* DATA FOR REVIEW
__________________________________________________

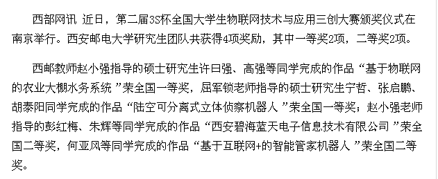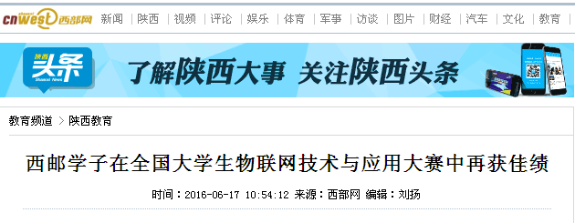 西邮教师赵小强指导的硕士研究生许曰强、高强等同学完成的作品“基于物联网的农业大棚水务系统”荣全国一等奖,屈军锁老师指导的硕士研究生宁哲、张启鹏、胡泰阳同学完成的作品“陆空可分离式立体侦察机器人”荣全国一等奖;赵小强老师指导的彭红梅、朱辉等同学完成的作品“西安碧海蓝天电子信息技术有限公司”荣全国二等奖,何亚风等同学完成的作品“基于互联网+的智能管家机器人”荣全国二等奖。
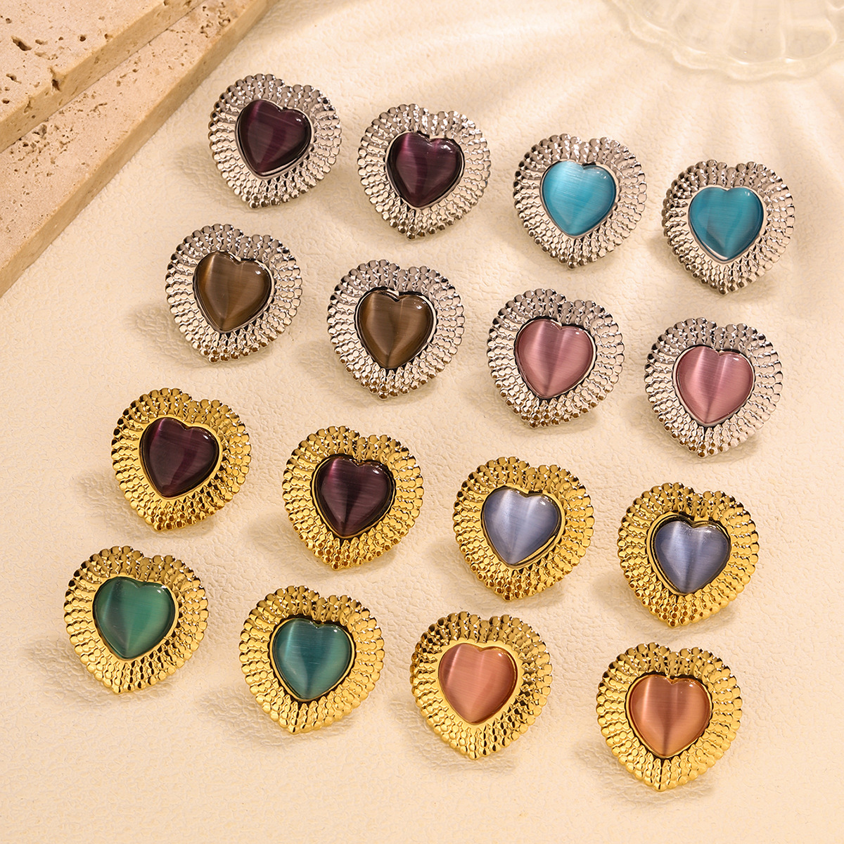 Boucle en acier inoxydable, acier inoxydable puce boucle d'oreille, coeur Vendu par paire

__________________________________________________

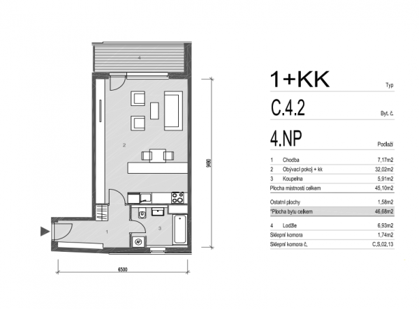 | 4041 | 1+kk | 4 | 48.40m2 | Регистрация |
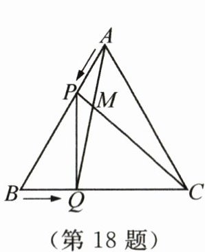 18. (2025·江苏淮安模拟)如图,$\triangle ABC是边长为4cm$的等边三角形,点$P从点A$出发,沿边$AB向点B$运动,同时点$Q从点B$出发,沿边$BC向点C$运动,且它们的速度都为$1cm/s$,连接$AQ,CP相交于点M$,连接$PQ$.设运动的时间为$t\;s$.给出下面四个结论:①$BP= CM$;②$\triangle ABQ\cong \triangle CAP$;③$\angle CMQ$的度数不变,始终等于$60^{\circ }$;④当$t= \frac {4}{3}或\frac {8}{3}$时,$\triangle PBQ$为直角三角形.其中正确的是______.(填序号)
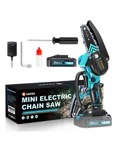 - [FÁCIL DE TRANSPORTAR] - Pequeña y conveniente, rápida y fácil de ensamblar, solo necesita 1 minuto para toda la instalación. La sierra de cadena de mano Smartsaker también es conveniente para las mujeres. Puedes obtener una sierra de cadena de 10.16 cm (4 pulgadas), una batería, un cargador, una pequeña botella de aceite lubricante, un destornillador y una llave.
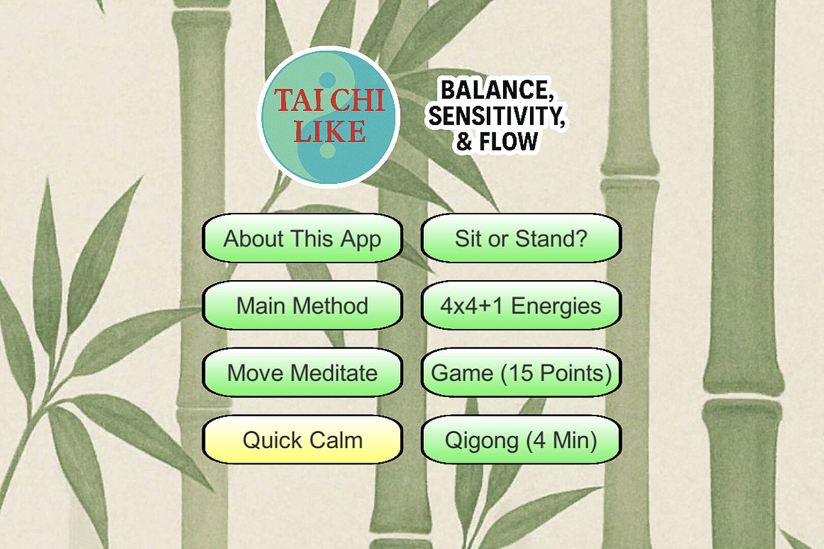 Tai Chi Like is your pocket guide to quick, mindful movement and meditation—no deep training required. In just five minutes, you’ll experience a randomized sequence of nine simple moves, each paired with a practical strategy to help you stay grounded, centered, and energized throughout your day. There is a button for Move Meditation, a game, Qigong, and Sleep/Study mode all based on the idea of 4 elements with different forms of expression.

__________________________________________________

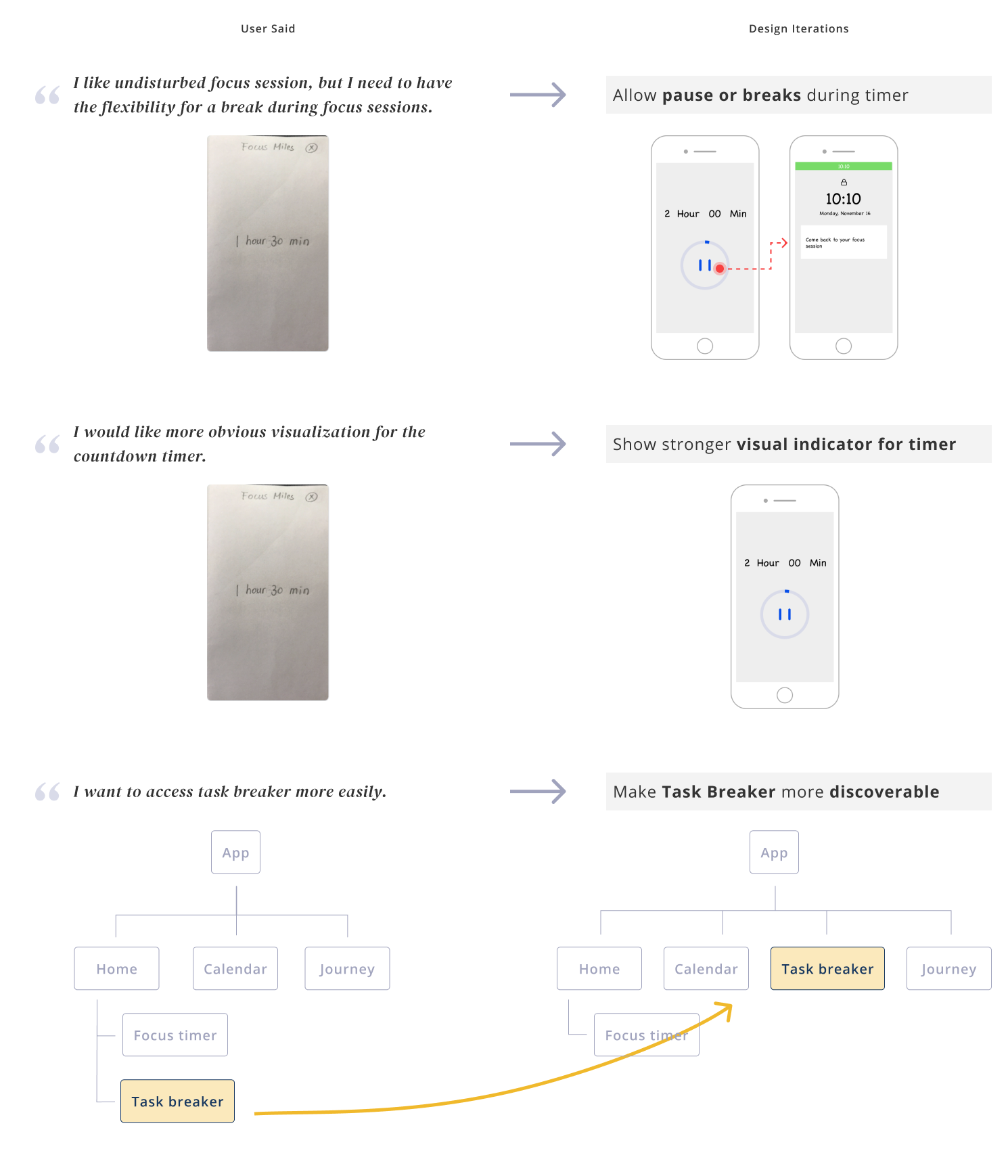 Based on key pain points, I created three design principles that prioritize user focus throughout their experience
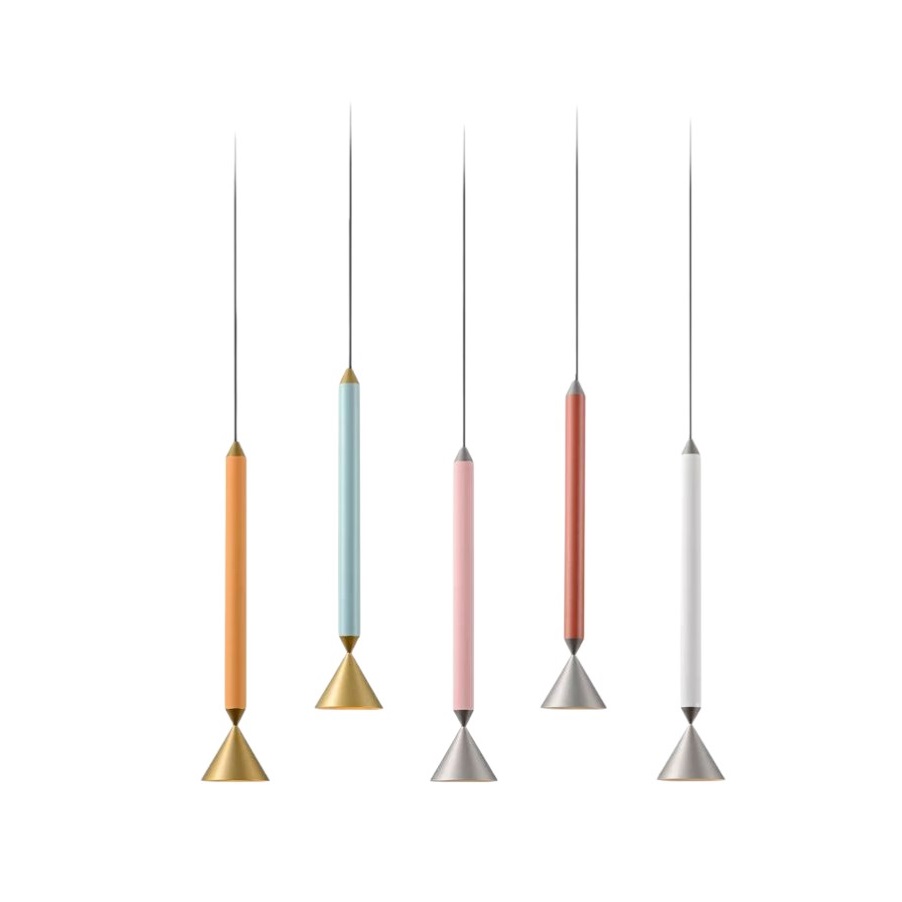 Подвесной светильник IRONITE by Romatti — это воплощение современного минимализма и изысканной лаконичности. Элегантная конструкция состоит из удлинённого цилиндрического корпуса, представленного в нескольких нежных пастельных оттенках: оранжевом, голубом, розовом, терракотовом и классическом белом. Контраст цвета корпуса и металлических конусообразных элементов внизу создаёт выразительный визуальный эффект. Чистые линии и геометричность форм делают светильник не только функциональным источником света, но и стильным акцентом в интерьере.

__________________________________________________

* EXERCISE AIM
In the data above, the stretch from the line with "西邮教师赵小强指导的硕士研究" through the line with "Boucle en acier" is to be returned exactly, minus any pictures.

* ANSWER
 西邮教师赵小强指导的硕士研究生许曰强、高强等同学完成的作品“基于物联网的农业大棚水务系统”荣全国一等奖,屈军锁老师指导的硕士研究生宁哲、张启鹏、胡泰阳同学完成的作品“陆空可分离式立体侦察机器人”荣全国一等奖;赵小强老师指导的彭红梅、朱辉等同学完成的作品“西安碧海蓝天电子信息技术有限公司”荣全国二等奖,何亚风等同学完成的作品“基于互联网+的智能管家机器人”荣全国二等奖。
 Boucle en acier inoxydable, acier inoxydable puce boucle d'oreille, coeur Vendu par paire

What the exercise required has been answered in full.